From:  EFF Press <press-AT-eff.org>
To:  presslist-AT-eff.org
Subject:  EFF: Texas Judge Briefed by EFF Affirms Phone Privacy
Date:  Thu, 20 Jul 2006 11:29:31 -0700

Electronic Frontier Foundation Media Release

For Immediate Release: Thursday, July 20, 2006

Contact:

Kevin Bankston
   Staff Attorney
   Electronic Frontier Foundation
   bankston@eff.org
   +1 415 436-9333 x126

Texas Judge Briefed by EFF Affirms Phone Privacy

Government Needs a Warrant to Get Dialed Digits That Are
Call Content

San Francisco - In the first ruling of its kind, a federal
magistrate judge has held that the government must obtain a
search warrant to collect the content of a telephone call,
even when that content is dialed digits like bank account
numbers, social security numbers or prescription refills.
The decision from Magistrate Judge Smith in Houston closely
follows the reasoning outlined in an amicus brief from the
Electronic Frontier Foundation (EFF) and the Center for
Democracy and Technology (CDT).

The Texas judge invited EFF to file the brief in response
to requests from government investigators to use a "pen
register" or "trap and trace device" to collect all numbers
dialed on a phone keypad after a call has been connected.
Investigators can typically get "pen/trap" orders under a
legal standard much lower than the "probable cause"
required for a typical phone-tapping warrant, because only
phone numbers used to connect the call are collected, not
the content of the phone call itself.

However, the judge found that when it comes to dialed
numbers that represent call content, federal statutes
require that investigators either get a probable cause
warrant or use filtering technology to ensure that only
dialed phone numbers are collected.  In fact, according to
the court, "Congress ordered law enforcement to do just
that, 12 years ago, yet the court notes that the
government's current practice is to collect all dialed
digits without using any filtering technology."
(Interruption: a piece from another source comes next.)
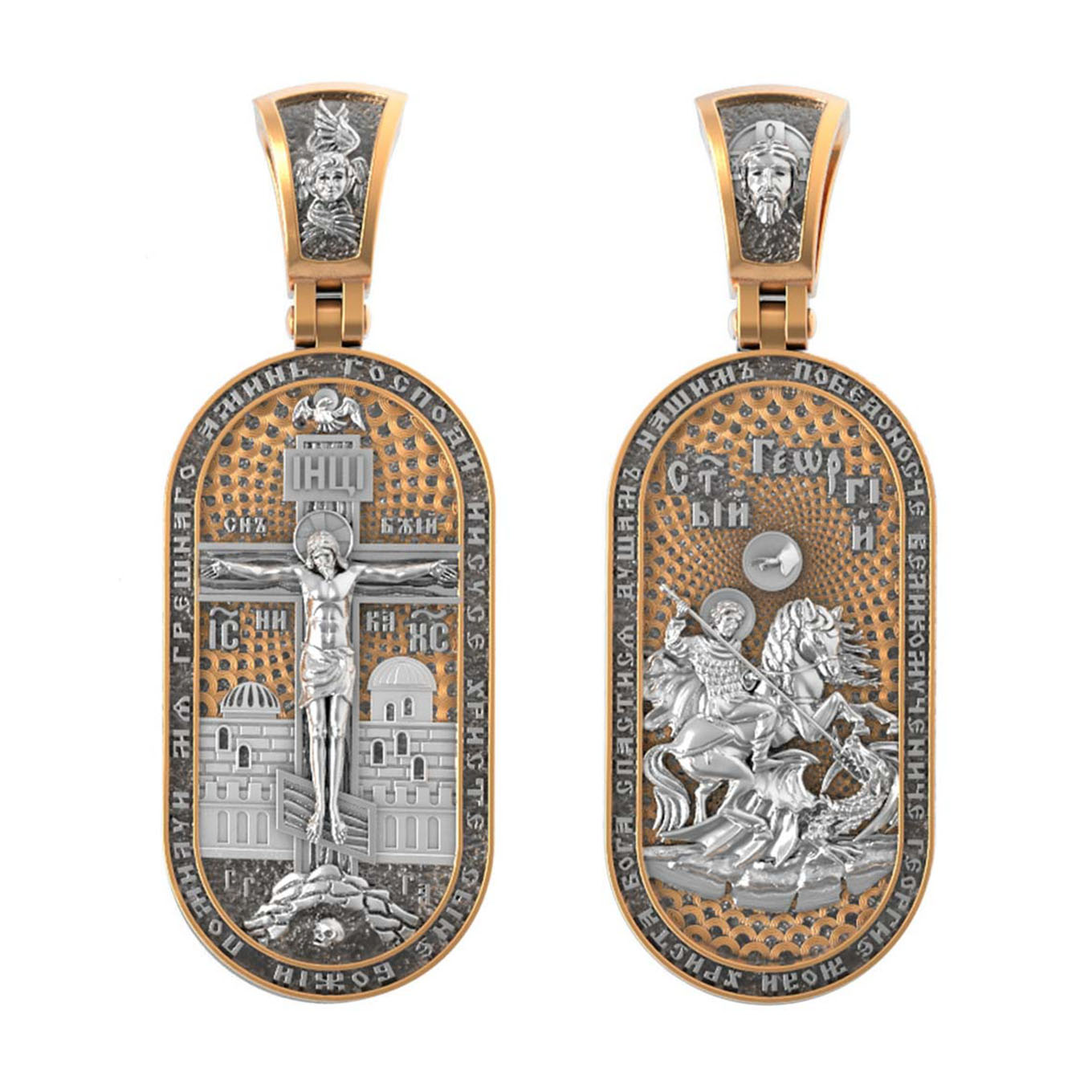 По контуру написана молитва: «Победоносче Великомучениче Георгие, моли Христа Бога спастися душам нашим». На кулонном кольце изображен Спас Нерукотворный — Символ вочеловечившегося Божества.

"Judge Smith correctly recognized that the privacy
protections for your phone calls shouldn't depend on
whether the information you are communicating is spoken or
dialed," said EFF Staff Attorney Kevin Bankston.  "Whether
it's your bank account number, your social security number,
your prescription refill, or even your vote for American
Idol, the government has to get a search warrant to tap the
numbers you dial after your call has been connected.
Allowing such taps without a warrant not only violates
longstanding statutes, as the court found here, but the
Constitution itself -- which makes it all the more
troubling that government investigators have been
collecting such information without a warrant for years."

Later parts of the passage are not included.